On a national level, U.S. major news media coverage of COVID was found to be more negative on average than coverage in international media outlets. This is according to a study by economists Bruce Sacerdote, Ranjan Sehgal, and Molly Cook. Negative coverage and negative language choices can influence the psychological state of mass audiences. Two scholars in India, Shakshi Priya Giri and Abhishek Kumar Maurya, suggested that negative news coverage "may generate various negative emotions which may have a detrimental effect on people's mental health and may also put an adverse effect on an individual's ability to be resilient in these conditions."
Locally, in every media market, this translates to journalists balancing the need to warn people about the threats of major, long-running negative events without hyping up the language or threats of death. When it comes to covering misinformation and disinformation about chaotic events as they unfold, journalists, advertisers, and PR professionals must carefully weigh whether or not to address misinformation in its own terms.

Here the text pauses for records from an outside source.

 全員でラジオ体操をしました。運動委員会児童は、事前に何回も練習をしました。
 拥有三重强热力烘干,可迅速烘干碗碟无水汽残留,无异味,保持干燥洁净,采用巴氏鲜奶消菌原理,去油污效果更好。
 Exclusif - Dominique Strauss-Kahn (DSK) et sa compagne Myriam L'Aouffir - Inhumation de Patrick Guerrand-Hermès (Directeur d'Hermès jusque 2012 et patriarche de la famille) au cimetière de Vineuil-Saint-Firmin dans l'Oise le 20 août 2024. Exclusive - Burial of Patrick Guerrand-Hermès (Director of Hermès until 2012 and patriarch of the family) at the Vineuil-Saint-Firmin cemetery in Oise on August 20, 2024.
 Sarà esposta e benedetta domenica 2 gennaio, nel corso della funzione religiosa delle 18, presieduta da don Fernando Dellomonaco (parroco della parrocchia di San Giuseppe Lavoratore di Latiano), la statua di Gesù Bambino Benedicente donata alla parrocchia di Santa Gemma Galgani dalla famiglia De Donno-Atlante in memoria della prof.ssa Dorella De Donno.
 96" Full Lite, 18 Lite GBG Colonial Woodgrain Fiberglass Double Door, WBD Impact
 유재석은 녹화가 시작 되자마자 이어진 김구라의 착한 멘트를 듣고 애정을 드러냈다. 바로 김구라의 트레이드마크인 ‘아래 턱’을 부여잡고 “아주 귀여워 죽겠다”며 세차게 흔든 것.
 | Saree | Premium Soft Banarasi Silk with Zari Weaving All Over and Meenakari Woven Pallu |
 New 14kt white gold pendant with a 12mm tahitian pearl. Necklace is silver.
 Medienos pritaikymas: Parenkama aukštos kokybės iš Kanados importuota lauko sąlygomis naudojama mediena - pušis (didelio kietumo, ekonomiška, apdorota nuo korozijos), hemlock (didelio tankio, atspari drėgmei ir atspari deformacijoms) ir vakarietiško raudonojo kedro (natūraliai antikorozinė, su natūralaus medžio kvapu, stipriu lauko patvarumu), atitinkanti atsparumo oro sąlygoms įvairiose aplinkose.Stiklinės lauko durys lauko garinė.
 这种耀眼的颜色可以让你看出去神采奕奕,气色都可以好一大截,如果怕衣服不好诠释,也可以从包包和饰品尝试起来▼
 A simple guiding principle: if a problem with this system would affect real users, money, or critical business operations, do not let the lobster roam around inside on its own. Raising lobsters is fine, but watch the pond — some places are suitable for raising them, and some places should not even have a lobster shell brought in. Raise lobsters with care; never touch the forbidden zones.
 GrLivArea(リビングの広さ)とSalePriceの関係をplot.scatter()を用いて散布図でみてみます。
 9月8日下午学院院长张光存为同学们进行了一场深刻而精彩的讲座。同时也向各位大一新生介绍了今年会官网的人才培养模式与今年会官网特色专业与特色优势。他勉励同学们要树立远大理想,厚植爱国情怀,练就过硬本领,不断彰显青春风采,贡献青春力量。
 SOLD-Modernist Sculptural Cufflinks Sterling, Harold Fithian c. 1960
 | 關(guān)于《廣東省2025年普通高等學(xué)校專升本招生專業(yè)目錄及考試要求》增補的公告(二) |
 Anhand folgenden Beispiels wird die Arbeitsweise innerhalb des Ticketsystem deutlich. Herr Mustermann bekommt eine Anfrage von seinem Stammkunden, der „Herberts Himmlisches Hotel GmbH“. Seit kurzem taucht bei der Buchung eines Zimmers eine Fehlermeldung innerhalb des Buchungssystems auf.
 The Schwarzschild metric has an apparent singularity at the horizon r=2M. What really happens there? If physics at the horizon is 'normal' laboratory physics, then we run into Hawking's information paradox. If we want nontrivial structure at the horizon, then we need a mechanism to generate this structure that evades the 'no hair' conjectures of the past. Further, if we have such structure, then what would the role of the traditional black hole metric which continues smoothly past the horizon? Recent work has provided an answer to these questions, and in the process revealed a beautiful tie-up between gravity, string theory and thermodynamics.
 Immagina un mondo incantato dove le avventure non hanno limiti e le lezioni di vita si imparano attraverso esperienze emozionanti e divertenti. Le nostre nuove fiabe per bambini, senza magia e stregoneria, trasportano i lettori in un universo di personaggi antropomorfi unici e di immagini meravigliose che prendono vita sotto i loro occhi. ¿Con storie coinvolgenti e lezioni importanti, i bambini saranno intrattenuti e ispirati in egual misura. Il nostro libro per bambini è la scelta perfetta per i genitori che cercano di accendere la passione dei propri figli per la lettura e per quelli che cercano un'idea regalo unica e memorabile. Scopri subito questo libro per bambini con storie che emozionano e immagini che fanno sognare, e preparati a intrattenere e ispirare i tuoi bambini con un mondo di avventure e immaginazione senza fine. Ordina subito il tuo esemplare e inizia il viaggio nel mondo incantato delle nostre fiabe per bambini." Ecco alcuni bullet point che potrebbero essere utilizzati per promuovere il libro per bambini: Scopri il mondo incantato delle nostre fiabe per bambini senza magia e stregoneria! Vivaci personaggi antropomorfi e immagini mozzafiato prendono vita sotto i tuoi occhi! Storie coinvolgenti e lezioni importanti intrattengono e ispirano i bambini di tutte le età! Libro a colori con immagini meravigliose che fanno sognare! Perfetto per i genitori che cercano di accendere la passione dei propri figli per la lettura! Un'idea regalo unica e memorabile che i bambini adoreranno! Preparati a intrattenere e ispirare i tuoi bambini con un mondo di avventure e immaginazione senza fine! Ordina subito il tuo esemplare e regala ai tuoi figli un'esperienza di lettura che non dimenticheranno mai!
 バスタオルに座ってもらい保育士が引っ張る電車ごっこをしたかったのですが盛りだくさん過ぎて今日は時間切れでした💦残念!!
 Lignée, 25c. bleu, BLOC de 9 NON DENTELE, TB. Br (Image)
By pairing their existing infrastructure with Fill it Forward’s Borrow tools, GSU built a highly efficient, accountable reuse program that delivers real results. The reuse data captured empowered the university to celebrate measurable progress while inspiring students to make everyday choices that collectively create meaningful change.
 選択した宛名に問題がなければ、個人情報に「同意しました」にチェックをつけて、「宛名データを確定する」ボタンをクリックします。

For example, medical research shows Ivermectin is not useful for reducing COVID symptoms, but media professionals may refrain from covering this study heavily or promoting their coverage much because, for some audience members, the fact that the drug is mentioned in mass media outlets might reinvigorate their desire to buy and hold it and try to treat COVID symptoms with it. Ivermectin is a useful anti-parasitic drug, but misinformation made it popular with people looking for "secret" or "miracle" cures. Many would pay top dollar to obtain it, which made it difficult or even impossible to procure for patients who truly needed it during the worst of the pandemic.
In an age of massive, networked flows of information and threats of misinformation and disinformation spreading even more virally than a deadly global virus, developing skills and strategies for quashing false information might be as important as developing skills to research and deliver popular information for mass audiences in the future.